**Requirement**:
Using the material below, repeat exactly the lines from the one with "Бұл тәрбие сағатында" through the one with "Nezastaviteľná skartovačka! Rexel", ends included, without any images.
#### Input data ####
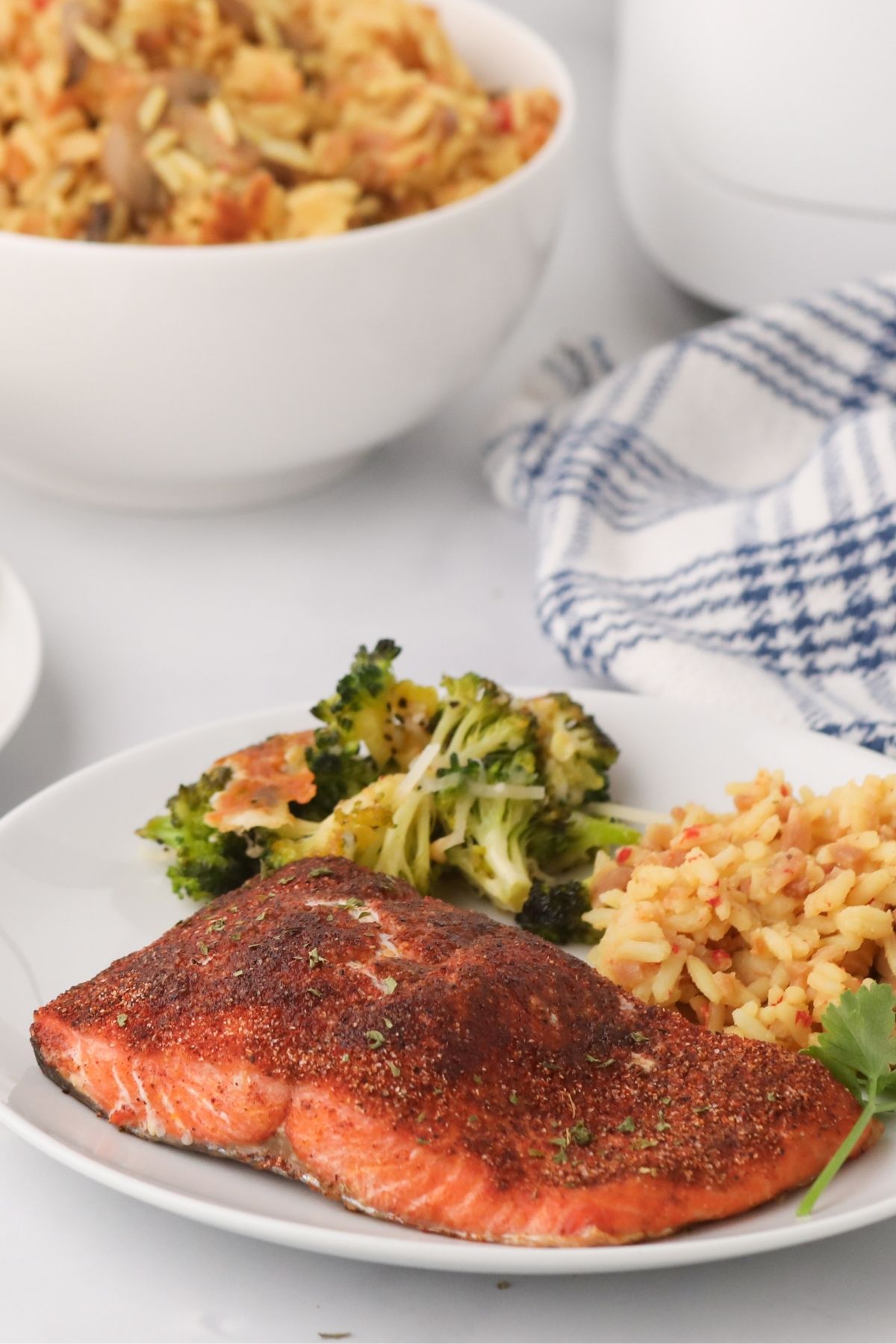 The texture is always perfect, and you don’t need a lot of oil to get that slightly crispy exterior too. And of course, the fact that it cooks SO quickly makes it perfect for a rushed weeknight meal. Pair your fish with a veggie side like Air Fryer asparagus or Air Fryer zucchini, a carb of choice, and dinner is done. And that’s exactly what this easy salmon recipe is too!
####
#### Input data ####
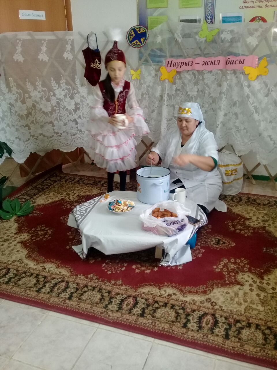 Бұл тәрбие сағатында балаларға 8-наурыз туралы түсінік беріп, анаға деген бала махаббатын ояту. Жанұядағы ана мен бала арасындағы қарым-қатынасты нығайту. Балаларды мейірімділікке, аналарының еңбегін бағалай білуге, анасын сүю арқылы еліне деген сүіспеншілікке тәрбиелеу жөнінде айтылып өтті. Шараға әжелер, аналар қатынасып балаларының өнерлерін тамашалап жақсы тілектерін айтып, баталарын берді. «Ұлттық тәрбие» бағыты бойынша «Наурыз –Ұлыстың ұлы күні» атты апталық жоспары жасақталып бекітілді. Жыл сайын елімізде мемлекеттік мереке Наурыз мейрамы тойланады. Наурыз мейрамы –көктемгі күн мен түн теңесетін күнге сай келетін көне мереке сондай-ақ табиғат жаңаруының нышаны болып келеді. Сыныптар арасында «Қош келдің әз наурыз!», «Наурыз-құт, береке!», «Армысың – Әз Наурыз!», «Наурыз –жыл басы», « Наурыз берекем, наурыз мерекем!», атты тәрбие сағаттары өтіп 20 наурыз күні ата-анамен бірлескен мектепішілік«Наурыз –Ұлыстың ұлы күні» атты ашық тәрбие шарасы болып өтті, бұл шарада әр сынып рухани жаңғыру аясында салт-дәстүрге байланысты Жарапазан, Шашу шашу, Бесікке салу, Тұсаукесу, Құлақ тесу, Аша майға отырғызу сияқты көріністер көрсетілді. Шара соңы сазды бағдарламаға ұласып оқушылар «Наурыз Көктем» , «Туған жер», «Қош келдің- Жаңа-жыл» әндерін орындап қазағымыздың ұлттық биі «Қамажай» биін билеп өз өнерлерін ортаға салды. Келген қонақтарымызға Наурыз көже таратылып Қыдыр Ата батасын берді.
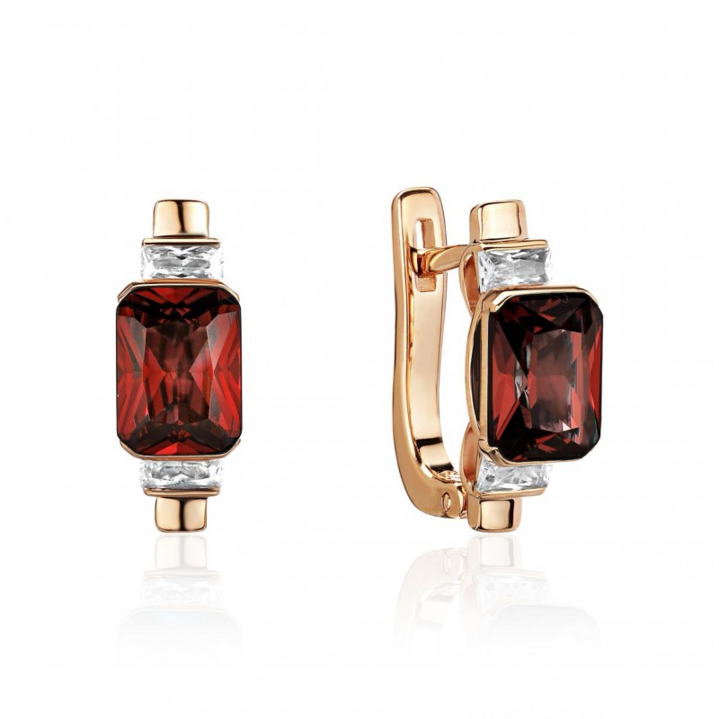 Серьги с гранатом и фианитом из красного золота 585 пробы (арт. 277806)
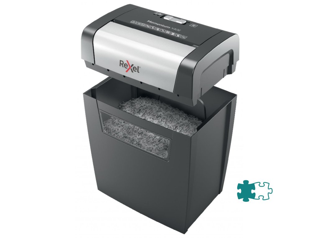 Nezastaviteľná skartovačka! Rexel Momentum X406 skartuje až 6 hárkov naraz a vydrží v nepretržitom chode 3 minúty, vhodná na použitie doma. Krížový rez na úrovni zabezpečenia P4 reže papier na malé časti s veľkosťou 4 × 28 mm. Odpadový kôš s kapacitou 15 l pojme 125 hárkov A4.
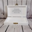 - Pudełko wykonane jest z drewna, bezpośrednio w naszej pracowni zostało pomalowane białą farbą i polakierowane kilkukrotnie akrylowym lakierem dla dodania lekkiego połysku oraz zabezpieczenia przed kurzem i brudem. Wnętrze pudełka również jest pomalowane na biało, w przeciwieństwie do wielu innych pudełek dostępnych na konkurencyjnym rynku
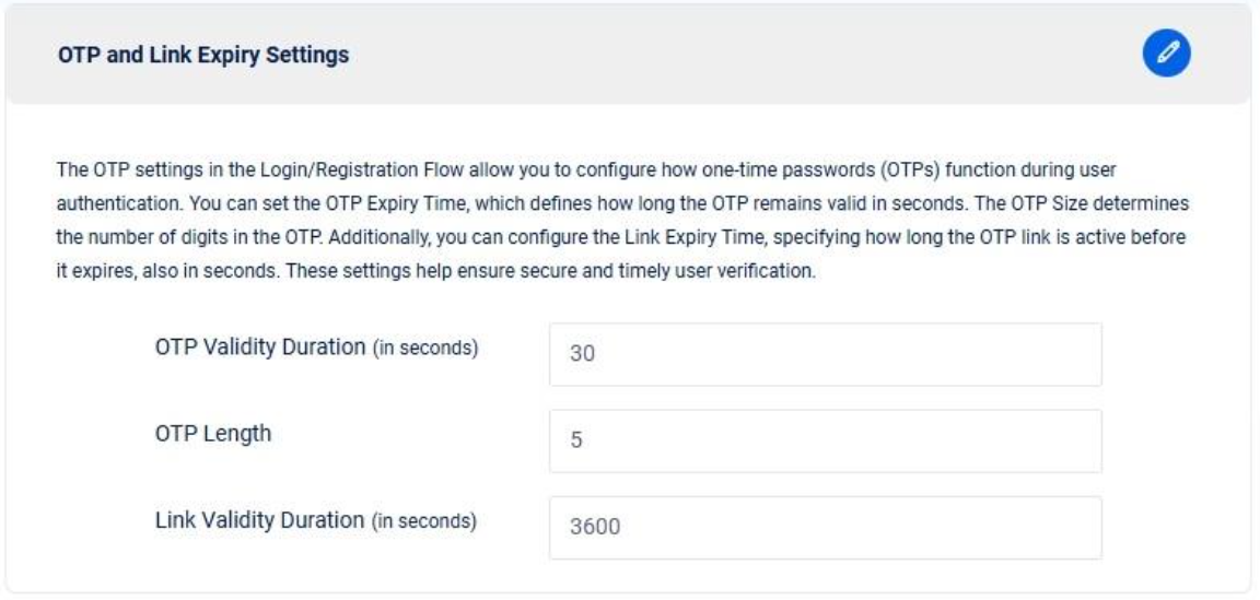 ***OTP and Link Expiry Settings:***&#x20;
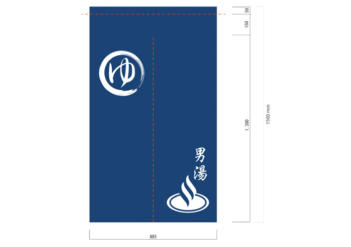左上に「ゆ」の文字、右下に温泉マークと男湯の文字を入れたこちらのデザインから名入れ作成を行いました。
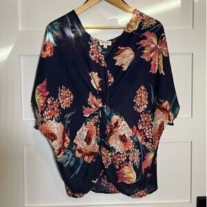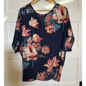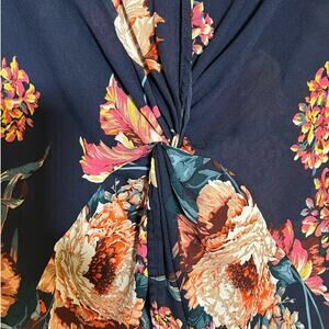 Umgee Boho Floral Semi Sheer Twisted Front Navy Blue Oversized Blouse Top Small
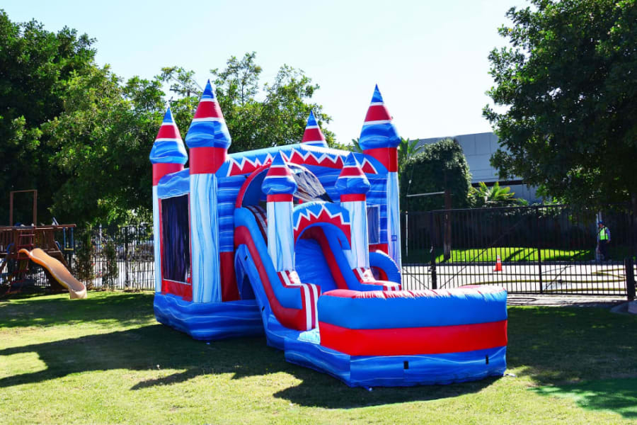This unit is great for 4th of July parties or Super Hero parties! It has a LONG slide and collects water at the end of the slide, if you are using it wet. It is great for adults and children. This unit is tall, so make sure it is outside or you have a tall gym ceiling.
####
**Response to this exercise**:
 Бұл тәрбие сағатында балаларға 8-наурыз туралы түсінік беріп, анаға деген бала махаббатын ояту. Жанұядағы ана мен бала арасындағы қарым-қатынасты нығайту. Балаларды мейірімділікке, аналарының еңбегін бағалай білуге, анасын сүю арқылы еліне деген сүіспеншілікке тәрбиелеу жөнінде айтылып өтті. Шараға әжелер, аналар қатынасып балаларының өнерлерін тамашалап жақсы тілектерін айтып, баталарын берді. «Ұлттық тәрбие» бағыты бойынша «Наурыз –Ұлыстың ұлы күні» атты апталық жоспары жасақталып бекітілді. Жыл сайын елімізде мемлекеттік мереке Наурыз мейрамы тойланады. Наурыз мейрамы –көктемгі күн мен түн теңесетін күнге сай келетін көне мереке сондай-ақ табиғат жаңаруының нышаны болып келеді. Сыныптар арасында «Қош келдің әз наурыз!», «Наурыз-құт, береке!», «Армысың – Әз Наурыз!», «Наурыз –жыл басы», « Наурыз берекем, наурыз мерекем!», атты тәрбие сағаттары өтіп 20 наурыз күні ата-анамен бірлескен мектепішілік«Наурыз –Ұлыстың ұлы күні» атты ашық тәрбие шарасы болып өтті, бұл шарада әр сынып рухани жаңғыру аясында салт-дәстүрге байланысты Жарапазан, Шашу шашу, Бесікке салу, Тұсаукесу, Құлақ тесу, Аша майға отырғызу сияқты көріністер көрсетілді. Шара соңы сазды бағдарламаға ұласып оқушылар «Наурыз Көктем» , «Туған жер», «Қош келдің- Жаңа-жыл» әндерін орындап қазағымыздың ұлттық биі «Қамажай» биін билеп өз өнерлерін ортаға салды. Келген қонақтарымызға Наурыз көже таратылып Қыдыр Ата батасын берді.
 Серьги с гранатом и фианитом из красного золота 585 пробы (арт. 277806)
 Nezastaviteľná skartovačka! Rexel Momentum X406 skartuje až 6 hárkov naraz a vydrží v nepretržitom chode 3 minúty, vhodná na použitie doma. Krížový rez na úrovni zabezpečenia P4 reže papier na malé časti s veľkosťou 4 × 28 mm. Odpadový kôš s kapacitou 15 l pojme 125 hárkov A4.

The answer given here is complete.